Dataset entries

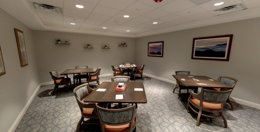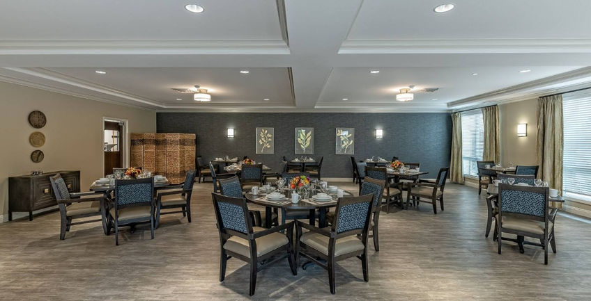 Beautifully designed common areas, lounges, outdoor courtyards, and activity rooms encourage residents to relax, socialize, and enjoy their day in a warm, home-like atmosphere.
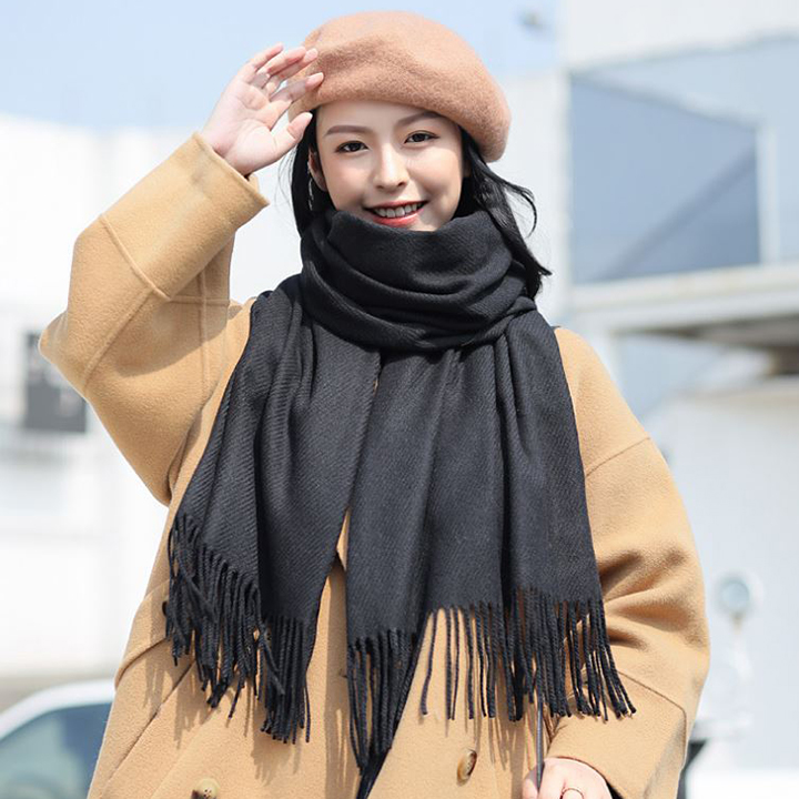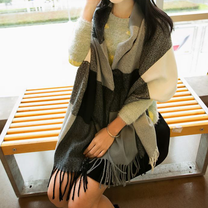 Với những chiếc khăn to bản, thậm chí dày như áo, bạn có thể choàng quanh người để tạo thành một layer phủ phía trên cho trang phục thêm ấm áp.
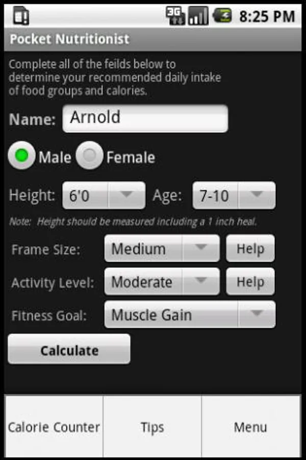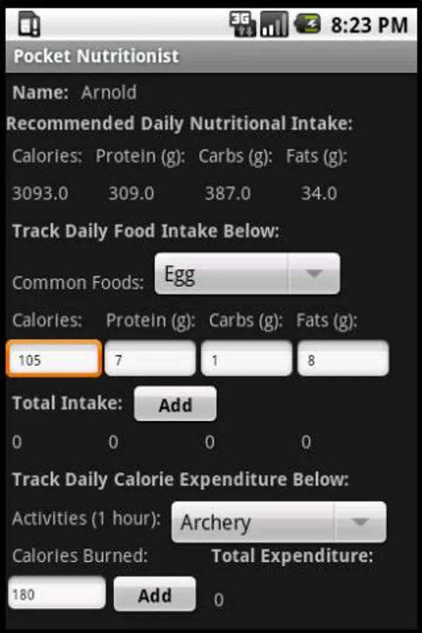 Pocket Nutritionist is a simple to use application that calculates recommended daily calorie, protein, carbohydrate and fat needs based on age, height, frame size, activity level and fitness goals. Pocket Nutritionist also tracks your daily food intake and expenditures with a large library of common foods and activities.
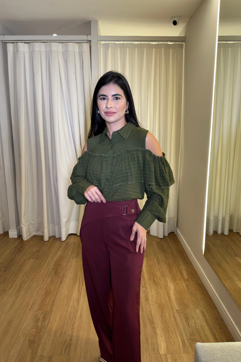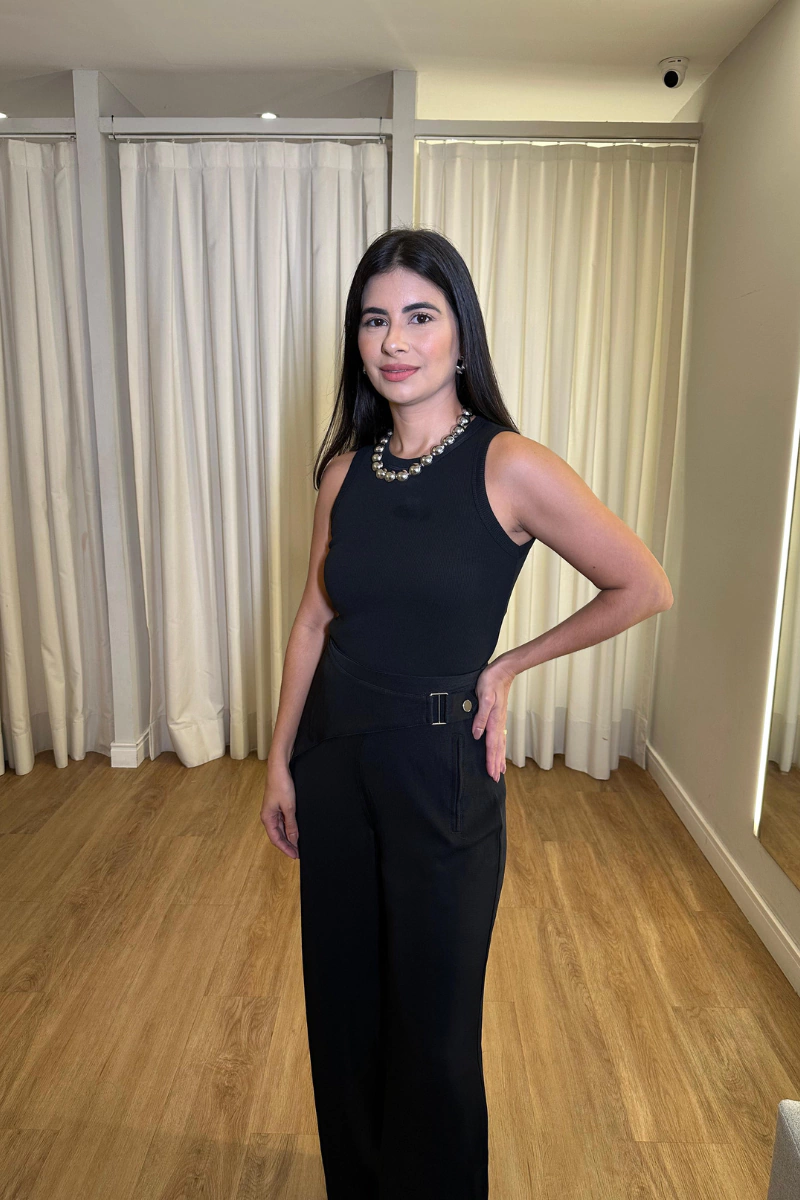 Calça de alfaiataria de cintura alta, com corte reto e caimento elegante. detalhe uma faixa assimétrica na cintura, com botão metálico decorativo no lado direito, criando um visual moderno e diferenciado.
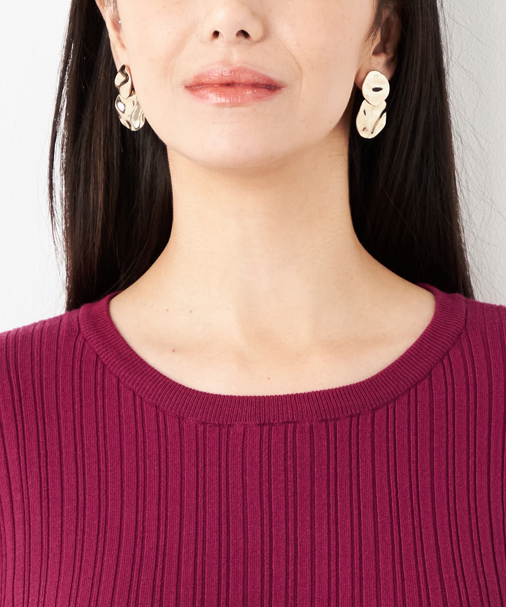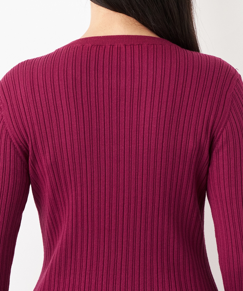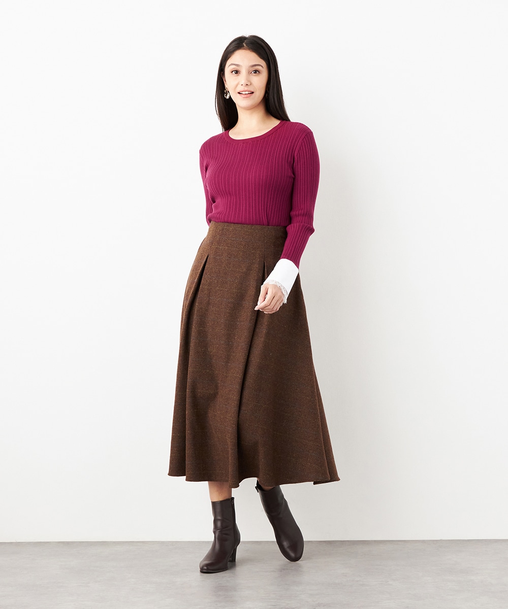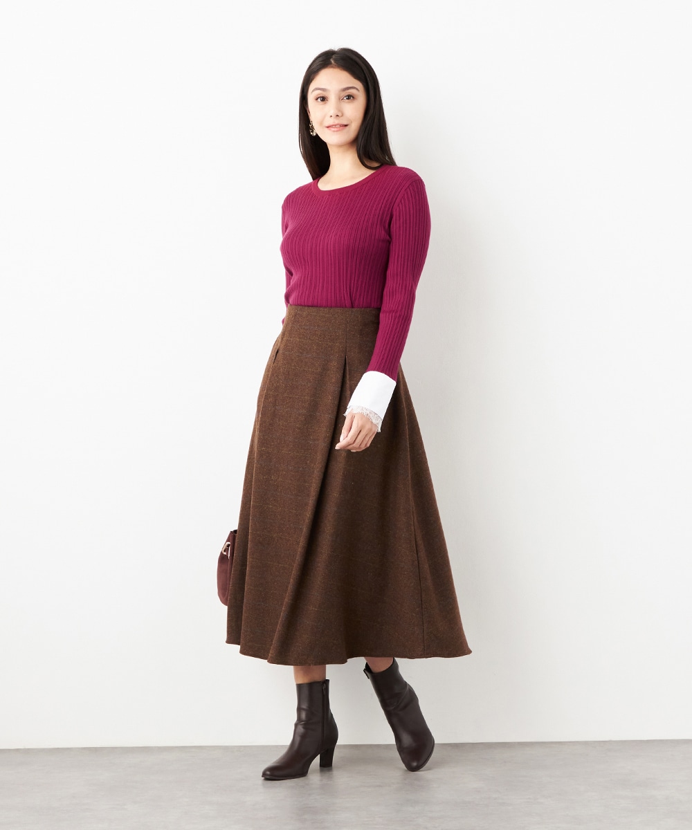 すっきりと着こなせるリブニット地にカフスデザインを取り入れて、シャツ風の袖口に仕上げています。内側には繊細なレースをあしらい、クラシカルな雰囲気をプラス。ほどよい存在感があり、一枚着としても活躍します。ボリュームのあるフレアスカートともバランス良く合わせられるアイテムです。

## Work task
Pictures aren't part of the copy; return each record above exactly.

## Task output
 Beautifully designed common areas, lounges, outdoor courtyards, and activity rooms encourage residents to relax, socialize, and enjoy their day in a warm, home-like atmosphere.
 Với những chiếc khăn to bản, thậm chí dày như áo, bạn có thể choàng quanh người để tạo thành một layer phủ phía trên cho trang phục thêm ấm áp.
 Pocket Nutritionist is a simple to use application that calculates recommended daily calorie, protein, carbohydrate and fat needs based on age, height, frame size, activity level and fitness goals. Pocket Nutritionist also tracks your daily food intake and expenditures with a large library of common foods and activities.
 Calça de alfaiataria de cintura alta, com corte reto e caimento elegante. detalhe uma faixa assimétrica na cintura, com botão metálico decorativo no lado direito, criando um visual moderno e diferenciado.
 すっきりと着こなせるリブニット地にカフスデザインを取り入れて、シャツ風の袖口に仕上げています。内側には繊細なレースをあしらい、クラシカルな雰囲気をプラス。ほどよい存在感があり、一枚着としても活躍します。ボリュームのあるフレアスカートともバランス良く合わせられるアイテムです。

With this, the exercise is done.